- What is needed -
Repeat everything in the data exactly except images.
══ Material to process ══
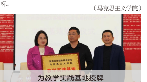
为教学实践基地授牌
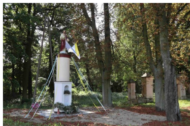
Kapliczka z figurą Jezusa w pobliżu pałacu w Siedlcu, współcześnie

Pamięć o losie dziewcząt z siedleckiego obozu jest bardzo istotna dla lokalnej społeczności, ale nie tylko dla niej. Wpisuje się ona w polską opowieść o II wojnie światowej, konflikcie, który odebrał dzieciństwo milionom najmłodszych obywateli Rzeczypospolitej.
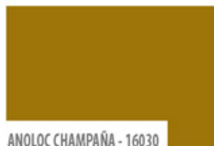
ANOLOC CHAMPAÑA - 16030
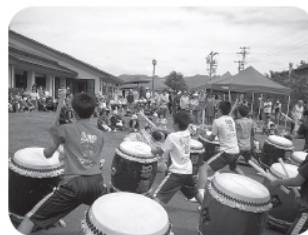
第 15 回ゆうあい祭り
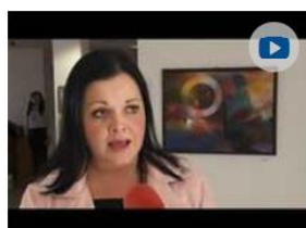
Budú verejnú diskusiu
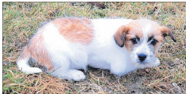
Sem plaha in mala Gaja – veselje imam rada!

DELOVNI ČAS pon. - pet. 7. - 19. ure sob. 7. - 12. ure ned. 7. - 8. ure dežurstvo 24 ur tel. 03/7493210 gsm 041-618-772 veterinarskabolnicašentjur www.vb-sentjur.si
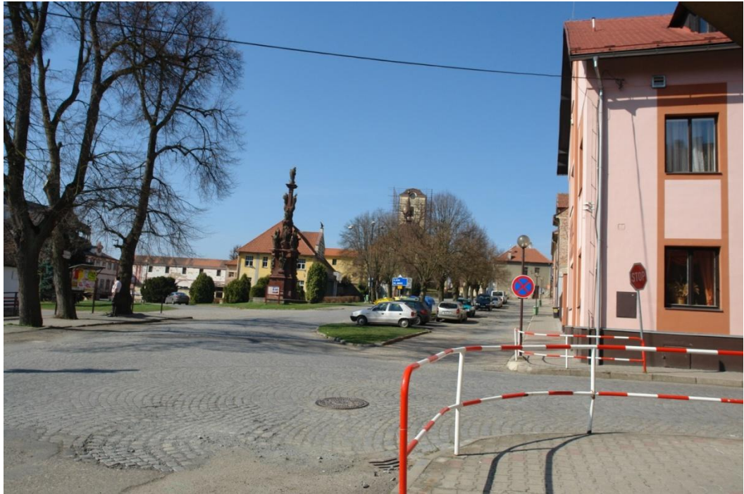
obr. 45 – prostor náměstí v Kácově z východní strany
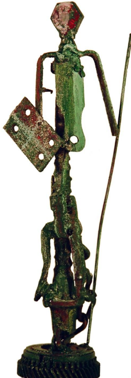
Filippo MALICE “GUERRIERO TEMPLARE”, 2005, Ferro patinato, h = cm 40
═══
- Written reply -
为教学实践基地授牌
Kapliczka z figurą Jezusa w pobliżu pałacu w Siedlcu, współcześnie

Pamięć o losie dziewcząt z siedleckiego obozu jest bardzo istotna dla lokalnej społeczności, ale nie tylko dla niej. Wpisuje się ona w polską opowieść o II wojnie światowej, konflikcie, który odebrał dzieciństwo milionom najmłodszych obywateli Rzeczypospolitej.
ANOLOC CHAMPAÑA - 16030
第 15 回ゆうあい祭り
Budú verejnú diskusiu
Sem plaha in mala Gaja – veselje imam rada!

DELOVNI ČAS pon. - pet. 7. - 19. ure sob. 7. - 12. ure ned. 7. - 8. ure dežurstvo 24 ur tel. 03/7493210 gsm 041-618-772 veterinarskabolnicašentjur www.vb-sentjur.si
obr. 45 – prostor náměstí v Kácově z východní strany
Filippo MALICE “GUERRIERO TEMPLARE”, 2005, Ferro patinato, h = cm 40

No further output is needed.